Penso que se compreenderá facilmente por que me parece injustificado, face a estas citações, para os “conservadores” tratar de ofício como cismáticos os tradicionalistas radicais [les tradis purs et durs; em inglês se diria: rad-trads (N.doT.)], os “ultras”, ainda mais enquanto nenhuma sentença de excomunhão foi proferida por quem quer que seja contra um Católico FSSPX ou sedevacantista se não for em razão de ter pessoalmente dado ou recebido a sagração episcopal sem mandato pontifical.

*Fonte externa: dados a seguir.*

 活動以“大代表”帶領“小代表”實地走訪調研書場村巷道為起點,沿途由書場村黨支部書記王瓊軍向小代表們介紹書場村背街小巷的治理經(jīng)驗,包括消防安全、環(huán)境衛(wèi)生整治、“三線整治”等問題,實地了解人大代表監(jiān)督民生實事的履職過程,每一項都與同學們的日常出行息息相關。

[2 – 1.ª RAZÃO: PLAUSIBILIDADE DA RETORSÃO]

Uma razão dessa reticência talvez seja o receio de que se não lhes reenvie a acusação, e não sem uma aparência de justiça.

O teólogo jesuíta Suarez (1548-1617), tão altamente louvado pelos Papas, e que deveu seu gênio a um milagre da Santíssima Virgem, não hesita em dizer que até mesmo um Papa pode tornar-se cismático, por exemplo ao abolir todas as cerimônias eclesiásticas fundadas na tradição apostólica.

“Et hoc secundo modo posset Papa esse schismaticus, si nollet tenere cum toto Ecclesiae corpore unionem et coniunctionem quam debet, ut si tentat et totem Ecclesiam excommunicare, aut si vellet omnes ecclesiasticas caeremonias apostolica traditione firmatas evertere.” (De Charitate, Disputatio XII de Schismate, sectio 1)

Não faço aqui o processo da revolução do Vaticano II. Observo apenas que mesmo protestantes e ateus compartilharam do julgamento de Dom Lefebvre de que se tratou da “destruição da Igreja a mais profunda e mais ampla de sua história no espaço de tão pouco tempo, o que nenhum heresiarca jamais conseguiu fazer” (Le Figaro, 4 de agosto de 1976).

O poder do Papa estando limitado pelo que é das tradições divinas e apostólicas e por toda a ordem doutrinal, e não existindo senão para construir, não para destruir, o autor daquilo que ele mesmo chamou de uma “destruição” da Igreja, na ordem litúrgica, disciplinar e ao menos aparentemente doutrinal (Paulo VI) não poderia se espantar de ter provocado a reação “tradicionalista” até às suas manifestações FSSPX ou sedevacantistas. Quem torna a obediência repugnante não será obedecido. Quem põe atos que parecem aqueles que implicam na perda ipso facto de seu ofício diminui seu estatuto e lança uma sombra sobre sua pessoa mesmo se de fato essa aparência for enganosa.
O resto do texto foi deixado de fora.